*Work order*:
What should you transcribe? Every line from the top of the records below through the line with "Thống kê phong", exactly, and no pictures.

• • • • • • •

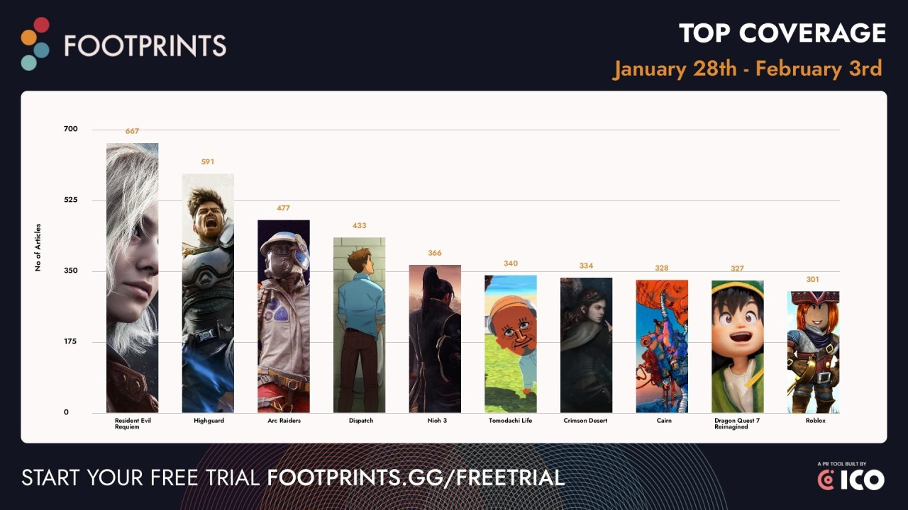 Checking the latest ‘trad media’ mentions from ICO’s Footprints.gg, Resident Evil Requiem continues super-strong momentum ahead of its Feb 27th release, as aftershocks from Highguard’s messy Steam launch continue, and Arc Raiders (new patches) and Dispatch (new Switch versions) also cause susurrus.
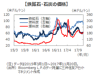 鉄鉱石・石炭の価格と豪ドルの動向(2017年11月)
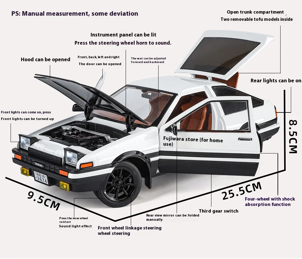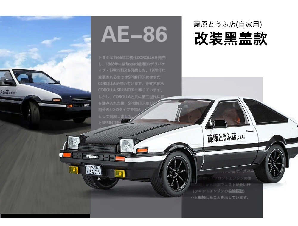If you want to relive the excitement of Initial D or simply appreciate the iconic design of the Toyota AE86, this diecast model car is an ideal addition to your collection. Don't miss out on this opportunity to own a piece of drift racing history.
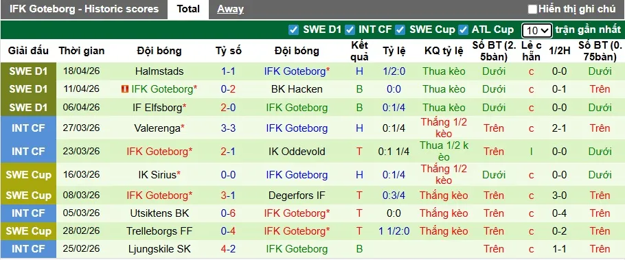 Thống kê phong độ 10 trận đấu gần nhất của Goteborg
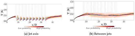 The analysis of the temperature PDF in Figure 15 provides further understanding on how the turbulence role is important for the wall heat transfer. Since both reference and turbulent operating points are based on the same jet parameters, the same trends are found in the temperature PDF. Two main differences can, however, be noted. First, the PDFs for both the jet axis and between the jets are narrower in the turbulent case than in the laminar one, indicating a lower temperature standard deviation. The second point is that higher temperatures can be reached in the reference case than in the turbulent case. This is particularly visible in the jet axis plane between the first and second perforations, where a temperature peak around 360 K is found for the reference case while it reaches only 350 K in the turbulent one. This lower peak is linked to the fact that the upstream turbulence contributes to lower synthetic jets at the first perforation rows and lower hairpins. Such a difference in temperature can also be observed between the jets. For , the maximum temperature reaches around 380 K in the reference case while it does not get higher than 360 K with upstream turbulence. This can be attributed to the development of the hairpins, which were shown to widen in the presence of turbulence, leading to lower temperatures farther from the jets. Moreover, the higher turbulence levels also lead to an increased mixing and therefore lower wall temperatures.
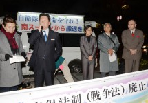 訴える(左2人目から)福山、倉林の両氏と野崎氏(右端)ら(19日、京都市) 市民と街頭演説」・デモ 「安保法制(戦争法)の廃止をめざす市民アクション@きょうと」がよびかける戦争法廃止を求める街頭演説とデモが19日、京 … 続きを読む 野党そろって共闘訴え 戦争法廃止を 19の日行動
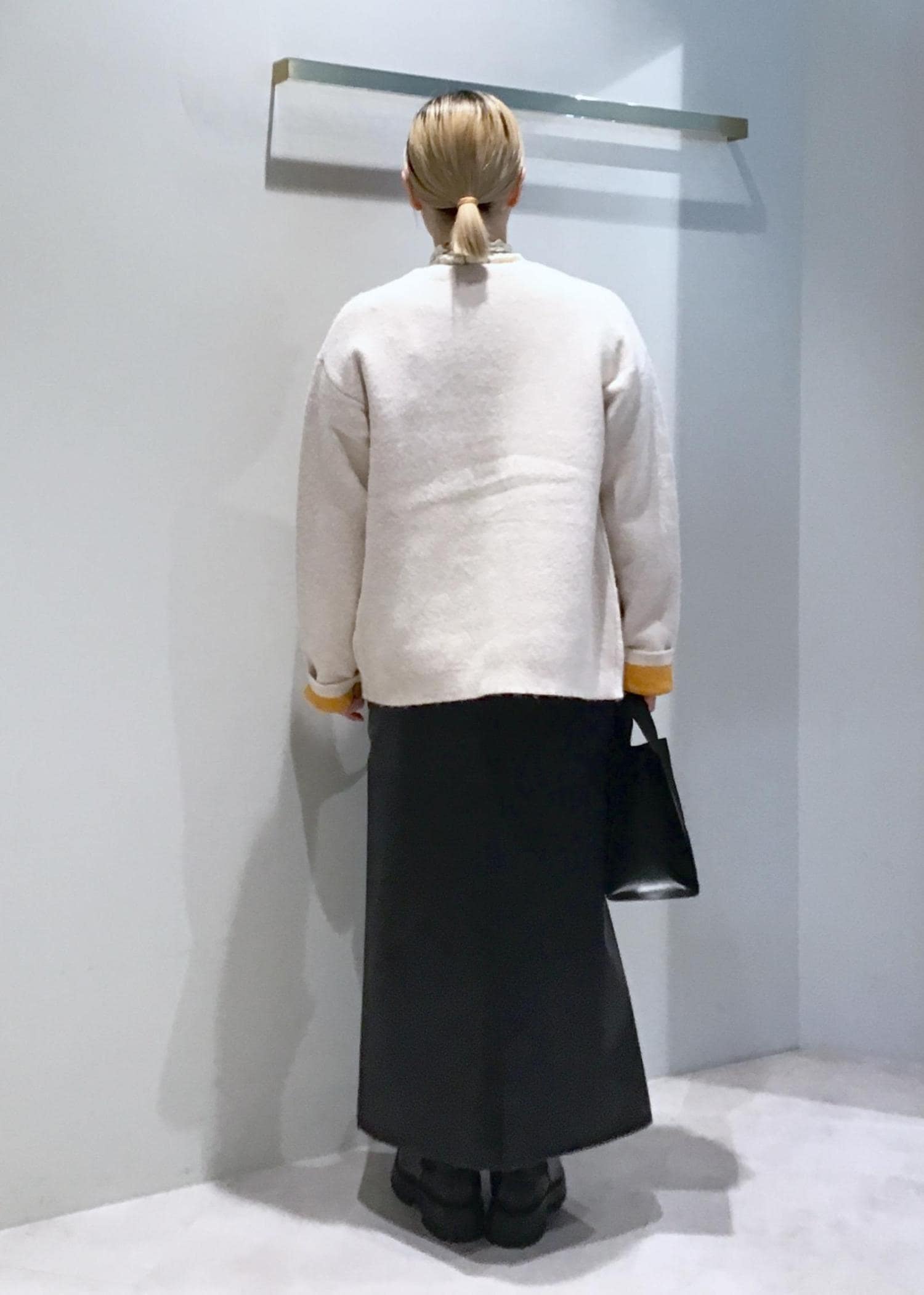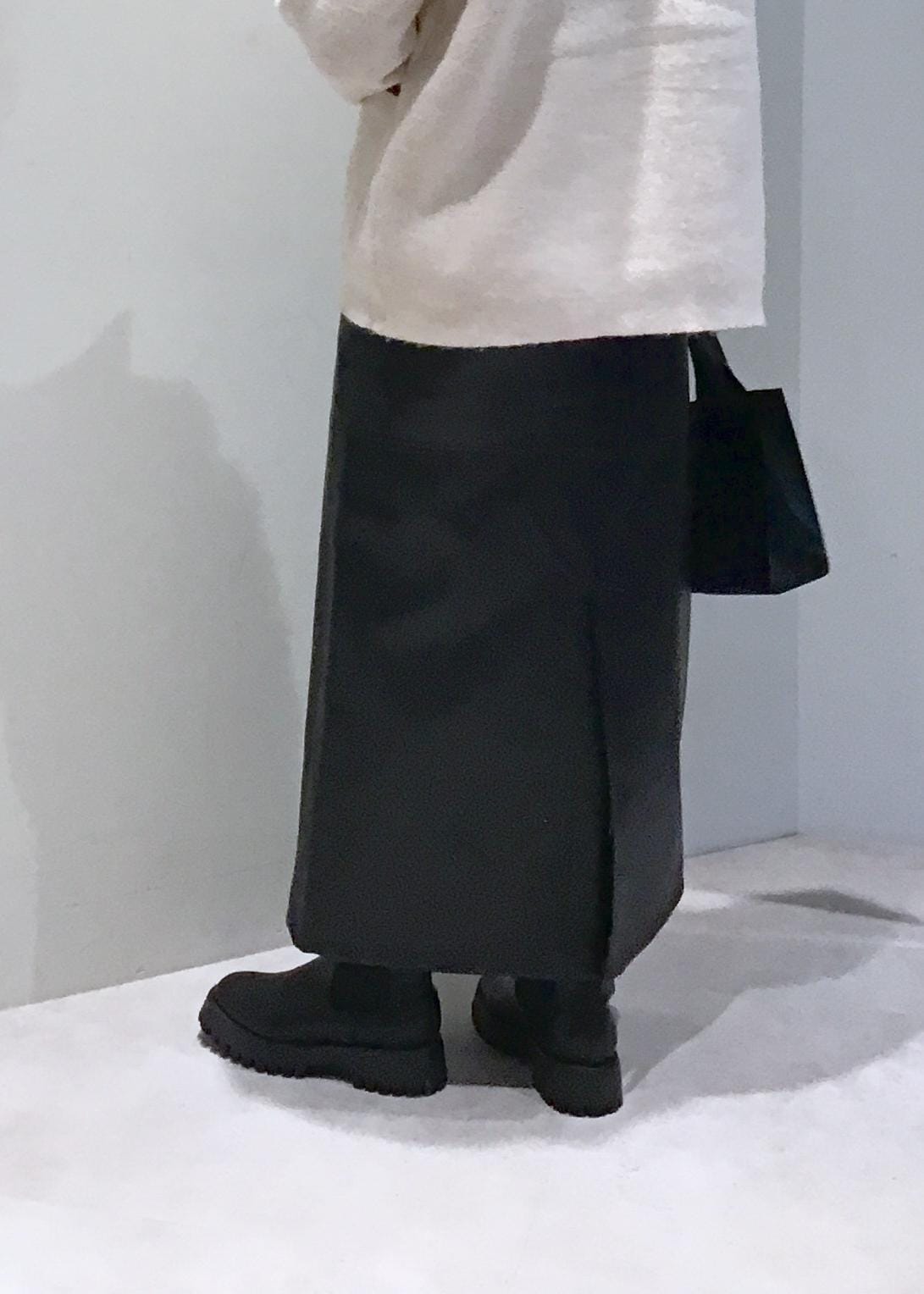 ウエスト後ろがゴムになっており、レザーライクな素材でも着やすいスカート。

• • • • • • •

*Problem solution*:
 Checking the latest ‘trad media’ mentions from ICO’s Footprints.gg, Resident Evil Requiem continues super-strong momentum ahead of its Feb 27th release, as aftershocks from Highguard’s messy Steam launch continue, and Arc Raiders (new patches) and Dispatch (new Switch versions) also cause susurrus.
 鉄鉱石・石炭の価格と豪ドルの動向(2017年11月)
If you want to relive the excitement of Initial D or simply appreciate the iconic design of the Toyota AE86, this diecast model car is an ideal addition to your collection. Don't miss out on this opportunity to own a piece of drift racing history.
 Thống kê phong độ 10 trận đấu gần nhất của Goteborg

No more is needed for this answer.